The implications of online video growth are huge for brands, organizations as well as learning.
Yet watching a video is a passive experience. And often our minds jump to couch potato mode, conditioned by watching years of TV in passive mindsets.
Here are several tips to help increase learning in a primarily passive experience—video watching.
Most viewers won’t commit 15- to 60-minutes for educational based videos. They prefer two- to three-minutes. If you have a long video divide it into separate sections and running times. (See #3.)
Help the viewers focus their attention on the important points and concepts. Give them questions to answer while viewing the video.
Use concise linked headlines that label the different running times of the video. This provides a visual outline of the video that intentionally reinforces the contextual information. And it helps viewers jump to critical information
When you use linked headlines and divide the video up into short running times, learners can fit the viewing into their busy schedules. They can take advantage of unexpected downtimes.
Allow the learner to access both the video and text versions of the recording. Being able to read the transcript and watch the video enhances their learning.
Include short self assessments with one or two multiple choice or open ended questions after each critical section. Use a video editing tool to embed these assessments. Show a countdown clock allowing time to answer the assessment and then show the correct answer. Add a link to the answer in case they got it wrong and need to review that section again.
Ask your viewers to post answers to a couple of questions in an online discussion. Ask for their immediate reactions, something that they found interesting or confusing, something that connects to past sessions, or requests for clarification.

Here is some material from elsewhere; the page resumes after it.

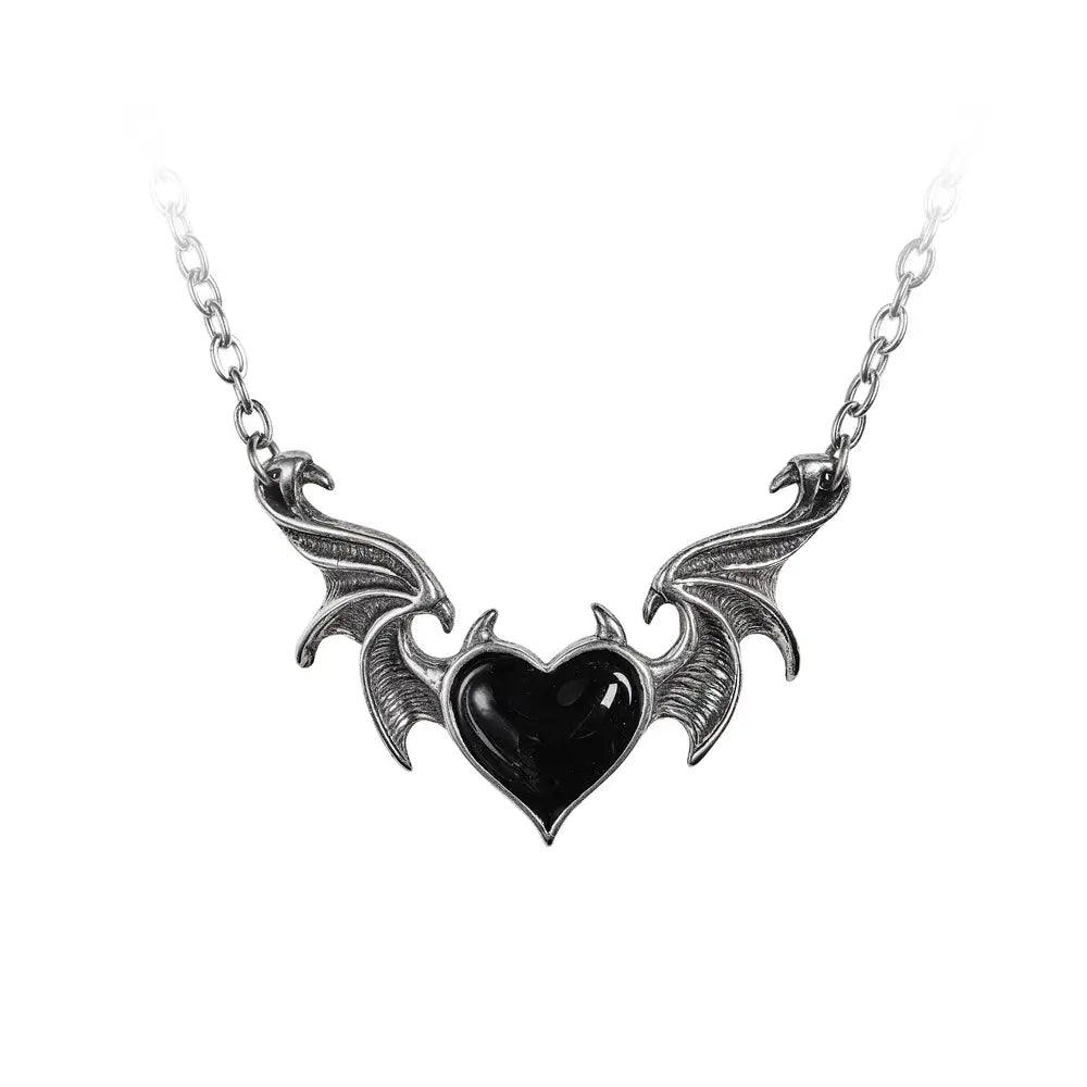 Productbeschrijving: Een geëmailleerd zwart hart met hoorns, tussen de uitgestrekte vliegende vleugels van een demon. Een ketting aan een gespleten traceketting van 20" (50 cm) in totaal plus een verlengketting van 1,5".

Learners can either give their focused attention to watching the video or thinking about it. They can’t do both at the same time. Give the viewers a couple of higher-level thinking questions such as comparing and contrasting major concepts or analyzing how the information applies to their profession. Have them post their thoughts online or discuss in groups.
Allowing the learner to pause, replay, reverse or change speed of the video is a critical component to increasing learning. Describe graphics with audio and allow control of the various steps. Researchers Schwan and Riempp (2004) found that those who viewed a routine task video without controls took 66% to 95% longer to learn the skills than those that could control the video.
Showing video of real-life complex concepts can overload the brain’s memory capacity. Researchers Mayer, Hegarty, et al. (2005) found that simple, static graphics were better than or as good as animated versions. Consider showing the real-life concept, then go through the steps with static images. If you have a complex animation, consider pausing it and adding narration and visual cues such as circles or color to draw attention to relevant parts.
Mayer, R.E., Hegarty, S. Mayer, & J. Campbell. (2005) When static media promote active learning: Annotated illustrations versus narrated animations in multimedia learning. Journal of Experimental Psychology: Applied 11, 256-65.
Schwann, S., & R. Riempp. (2004).The cognitive benefits of interactive videos: Learning to tie nautical knots. Learning & Instruction 14, 293-305.
What tips would you add to this list to increase the learning effectiveness of videos? What are your go-video sharing sites that use frequently?
Filed Under: Conference Education
Thanks for those reliable tips. I think the most important thing is to make the clip as short as possible but still full of the most important information. Of course longer videos can be also valuable but when you already have the viewer’s attention. Moreover, if you made video in your native language, you MUST add the English subtitles – it will highly improve the number of views. Regards!
Thanks for reading and commenting. I agree with you that the clip should be short and include the critical information. Your addition of using English subtitles is an important one too. Glad you added that.